There's No Political Leadership
In a year and a half in office, Al-Maliki has proved incapable of rising above narrow Shi'ite politics. He has tended to hector and provoke rivals rather than attempt any genuine reconciliation. Last month he told a widely read Arabic paper that al-Hashimi's bloc in Parliament, the larger of two Sunni groupings, didn't represent Iraq's Sunnis. "This is not how you treat your allies in a government of national unity," says Maysoon al-Damaluji, one of the Parliament's handful of secular members. Nor is the Prime Minister the only partisan in the Green Zone. Sunni leaders have frequently been linked to terrorists. Last month a car bomb was found near the office of Adnan al-Dulaimi, who heads al-Hashimi's bloc; several of his bodyguards were arrested. Al-Dulaimi was not accused of wrongdoing but admitted he couldn't vouch for his bodyguards. Kurdish leaders tend to look after the interests of Kurdistan first rather than of the nation as a whole.

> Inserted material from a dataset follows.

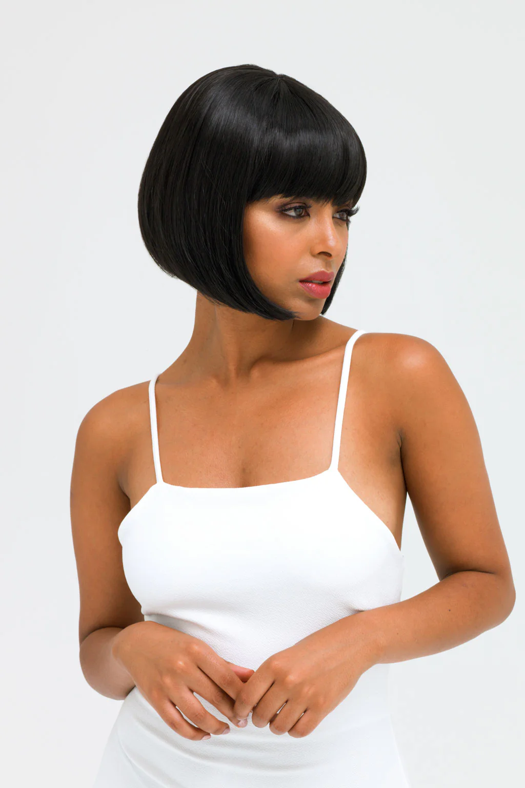 A gorgeous, modern take on the classic bob: with a flattering fringe; its blunt cut layers fall down to the chin and are gently curled inwards in a rounded shape which frames the face and gives a bounce to the movement.

U.S. officials spend a lot of time coaxing and cajoling the Iraqi leadership to show some statesmanship. So far, it hasn't worked. "There isn't a common vision of what Iraq should be--in the near future or the far future," says al-Damaluji. Nowhere is that clearer than in Parliament, where sectarian and ethnic bickering passes for political dialogue. This time last year, American officials were pressing Iraqi politicians to set aside their differences and pass several crucial pieces of legislation--among them a deal on sharing oil revenues, a referendum on the status of the oil-rich northern city of Kirkuk and a law allowing members of Saddam's Baath Party to return to government jobs. The Bush Administration has since abandoned many of those benchmarks, focusing on less ambitious goals, like getting Parliament to pass the annual budget and generally work toward national reconciliation.
But the Iraqi Parliament continues to put off key issues. The status of Kirkuk--claimed by Kurds, Arabs and a third ethnic group known as Turkomans--was meant to be decided by the end of this year. Iraqi and U.S. officials now say that vote will have to be postponed. Ditto the vote on the budget. Bills on oil revenues and the drawing of provincial borders are no closer to being passed than they were months ago. The worry now is that if key political battles take place after the Americans have drawn down forces, they could spill into the streets in a confrontation between warring militias.
For Iraqi refugees like the Awadis, all this paints a dismal picture. Adnan and Noora say they and other refugee friends in Amman start almost every conversation with the question, Should we go home now? But the conversations all end the same way. "We want to be optimistic, but in the end we have to face reality," says Noora. "It is not time to pack our bags."